During this same time, I saw Eisenhower cancel the B-70 bomber and then reinstate it after being subjected to enormous pressure by the political leaders of the Republican Party.

Exaggerated estimates of the Soviet nuclear bomb stockpile and delivery-system strength have been cited several times in order to justify purchasing unneeded US strategic forces. Interestingly, at no time when the truth was discovered did the creators or promoters of those distorted predictions show any concern about the buildup they had stimulated, or propose that the United States revise its objectives in order to limit the level of American and Soviet nuclear buildups.

Last year, I spoke with a man who in 1950 had been one of the most vocal and articulate alarmists about the "bomber gap." I asked him why he hadn't revised his view of the Soviet threat when it became known that the Soviet Union did not have the suspected bomber force. His answer was that he had always been certain that the Soviets would present a nuclear threat to the United States sometime, and he didn't want to make it too easy for them. Even now, he isn't willing to admit that the enormous American nuclear-weapons buildup might have had anything to do with the ultimate buildup in the Soviet Union. Many other longtime advocates of a very strong military posture have been equally unwilling to recognize any cause-and-effect relationship between American initiatives and Soviet response. Recently, President Ronald Reagan himself denied this phenomenon in arguing for his military buildup. Close observation of military technology and development has convinced me that much of the Soviet nuclear buildup has been undertaken in direct response to American initiative.

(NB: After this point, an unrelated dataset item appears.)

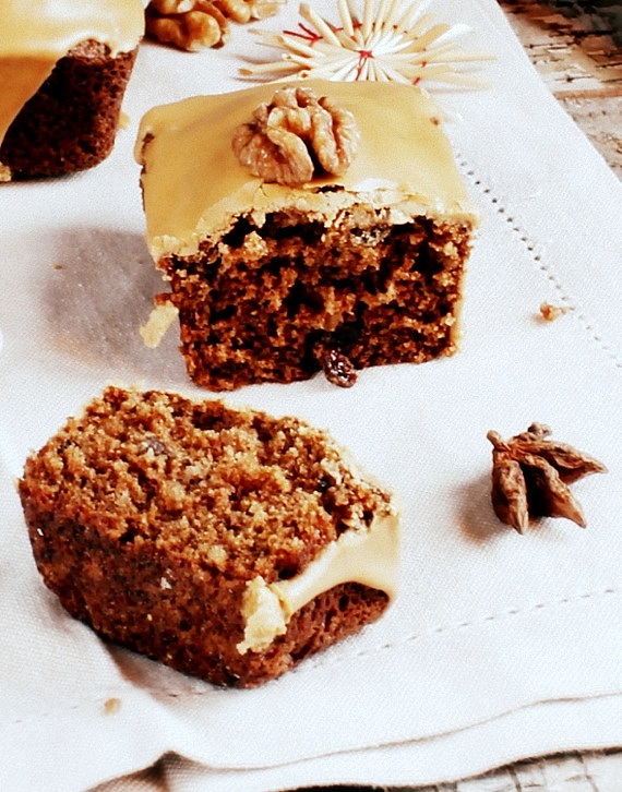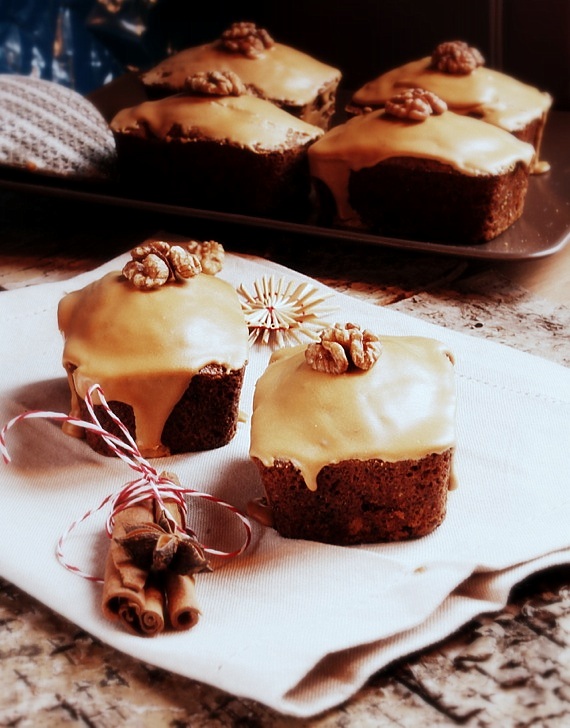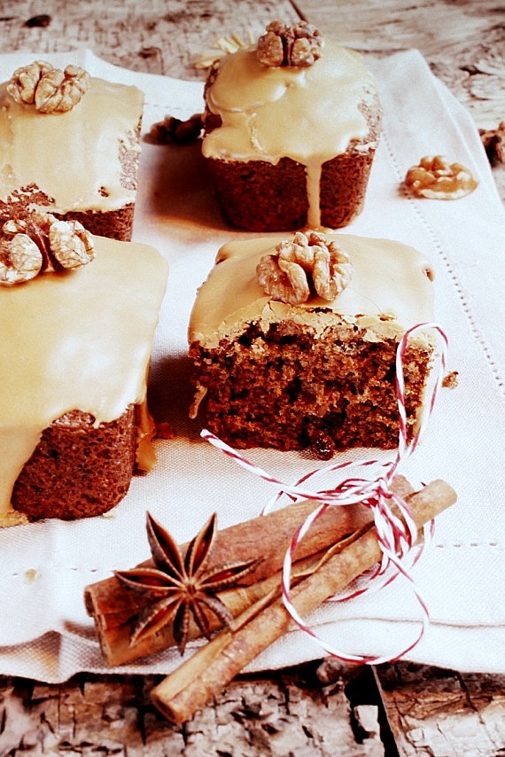 Świątecznie! Jak ja lubię te wspaniałe zapachy roznoszące się po całym domu! Dzisiaj upiekłam puszysty piernik w wersji mini, naszpikowany bakaliami, pokryty polewą z kawy. Bardzo lubię takie mięciutkie pierniki, rozpływające się w ustach.

As President John Kennedy's special assistant for science and technology, I saw how he, too, had to contend with powerful opposition when he chose to continue Eisenhower's efforts to negotiate a nuclear-test ban. In fact, the opposition to Kennedy's efforts became even more intense when it appeared that he just might succeed. Similarly, pressure from Congress, the Defense Department, and outside groups caused Kennedy to build a much larger Minuteman

missile force than was necessary, even after reconnaissance made it clear that the suspected missile gap did not exist.

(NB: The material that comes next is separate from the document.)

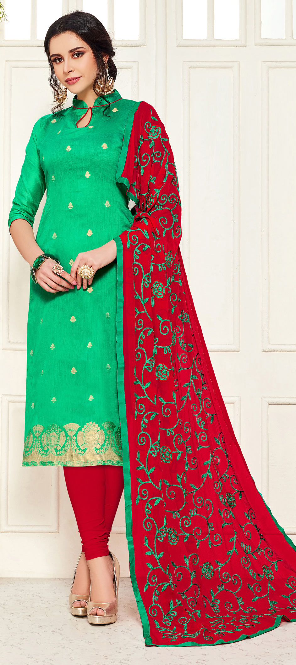 Green color Salwar Kameez in Banarasi Silk fabric with Embroidered, Thread work

I have observed similar pressures on subsequent Presidents. President Lyndon Johnson, for example, decided in 1967 to buy a modest antiballistic-missile system to protect the country from a hardly conceivable Chinese missile attack and, incidentally, protect himself from a much more probable attack by Republicans during the 1968 presidential election, when he expected to be a candidate. I attended a meeting of a special advisory group appointed by Johnson to advise him on the deployment of the Nike Zeus ABM defense system. The group's overwhelming verdict was that the system would not provide much protection and therefore would be a waste of money. Johnson accepted that advice but decided to build the cheaper anti-Chinese system to blunt political attacks on the earlier decision.

This was hardly the first or the last time that billions of taxpayers' dollars were spent for political rather than security reasons. President Jimmy Carter yielded on the MX in the hope of getting the SALT II treaty through Congress. President Gerald Ford and his Secretary of Defense, James Schlesinger, because of military pressures, proposed to produce what they called a "limited, strategic, war-fighting capability" that Schlesinger ultimately admitted to Congress was planned for "a highly unlikely contingency."

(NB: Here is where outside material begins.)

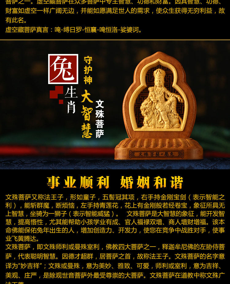????"Rabbit" is the patron saint of Manjusri Manjusri, Manjusri is a great wisdom of the symbol, can develop wisdom, improve understanding, in particular, can help children academic success, official Fulu double by business by increasing wealth by. The Buddha can bless the birth of the Year of the Rabbit people, increase creativity, development power, so that you beat the competition in the competition, so that the cause of the Apprentice. Therefore, the rabbit born, if the devout wear or worship Manjusri Bodhisattva's Dharma like, can be Manjusri Bodhisattva blessing, wisdom, so that academic career smoothly, marriage harmony, get rid of all the troubles.

In an April 7, 1984, report on the successful effort to sell the B-1 bomber, the San Francisco Examiner detailed a history of fraud by the manufacturer in which funds for the space shuttle and other government projects were used to keep the B-1 project alive after it had been shut off by the Carter Administration. The story went on to outline the company's strategy of placing contracts so widely that almost every state and hamlet had a stake in the B-1's future. Even though the bomber is generally suspected to be unneeded, the campaign succeeded. According to the Examiner, the average stake per state on the B-1 was $700 million, and the states of the 20 senators who lobbied hardest for the aircraft were scheduled to get sums ranging from $1 billion to $9 billion.